River Falls Days


Ew, just...ewThe street is full of college kids, twenty-somethings and townies celebrating a festival in this small university town. Every university town demographic is represented: ex-jocks with breaching beer guts, hippies, townies, barflies, farmers, the former big man on campus who lives with his parents again and the sorority girl who is dressed like a senate candidate. Other than the three people I am with, I have never seen any of these people before in my entire life, yet I recognize them all. I organize them into social partitions in my mind as though I were walking amongst people I knew around my university town. This is because every university town is exactly the same; only the name of the town changes. Sometimes.

At the River Falls Days festival, the town celebration attracts alumni and townies, glass blowers, former residents and, well, English teachers living in the Czech Republic. For most it’s a chance to celebrate the town, but for alumni (and us) it is a chance to live like university students once again. And that is exactly what we do.

We arrive and immediately start drinking Miller High Life in cans and chilled bourbon shots. We sit on the porch and annoy the neighbors and slap at mosquitoes and tell stories about cavalier actions in times of duress that are, quite frankly, crap. Yet each story is more glorious than the last. There is tobacco in every form and Taco Bell, which quickly reminds me of why I stopped eating it in the first place about fifteen years ago.

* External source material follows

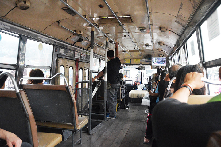 在考山路这边就没有BTS和Mrt了。在google的建议下,我们选择坐了一次,也是在泰国唯一一次公交车。 khao san - siam 并没有发现公交站牌,在google的指引下还是坐上了车。早就听闻在泰国有些公交车是不花钱的,没想到就幸运的坐上了一趟。我感觉如果你的时间来得及,坐公交车或许是比BTS什么的更好的选择。因为真的便宜哦!没准还免费哦!可是公交车是不报站的,这时候就只能感谢google地图强大的定位,靠着一路定位,我们安然无恙的在asok的附近下了车。

We get to a college bar full of college people and start up immediately with a series of bar sports that pit teacher against teacher and glass blower against construction worker. Collin and I lose the bean bag toss and are forced to buy the booty shots. We win shuffle puck, shouting inane Czech insults at each other that acquire stares from the other patrons who have no idea that I just called Collin an ‘Egg Dog’ or a ‘Table Pig.’ The tie is broken with darts as Collin and I sweep up the floor with Steve and his stout companion. A group of bouncers come to the bar for last call, there is not one who doesn’t have either a mullet or a Mohawk.

We head back to Steve’s house and are soon joined by the 150 people that Steve has invited back to his house on the walk home. There are water pistol fights and terrible YouTube videos. There is Moussaka that I mistook for peach cobbler and Old Crow whiskey. I wake up on the couch surrounded by obese cats who are all mimicking my sleeping position with cruel accuracy. The others have gone to see a movie and I read for a short while before getting to my writing.

University towns may be exactly the same, but there are a couple things which set River Falls aside from Pittsburgh. The Midwest accents are unmistakable, the Bloody Marys come with pickles and not celery. The haircuts are on a different planet, not worse, but equally as terrible as those in Pittsburgh, just in a different way.

In one final stroke of differentiation, we stop at a dive bar on the way home and feast on pickled turkey gizzards. They look like light gray sacks of fat, but actually go down quite well with a Leinenkugel’s Original draft. The bartender is wearing camouflage hunter’s cap and cut off jeans. She tells us about the employment opportunities at the local gas station. We listen with interest and as I dessert on a pickled egg, I consider picking up an application.

  1. #1 by Jeremy Nicholson on July 27, 2012 - 2:43 pm

    Believe me, there are more than a few nights I wonder what I was doing, leaving the land of great beer and idiocy. And then I remembered that my ex-girlfriend still lived there and I came to my senses.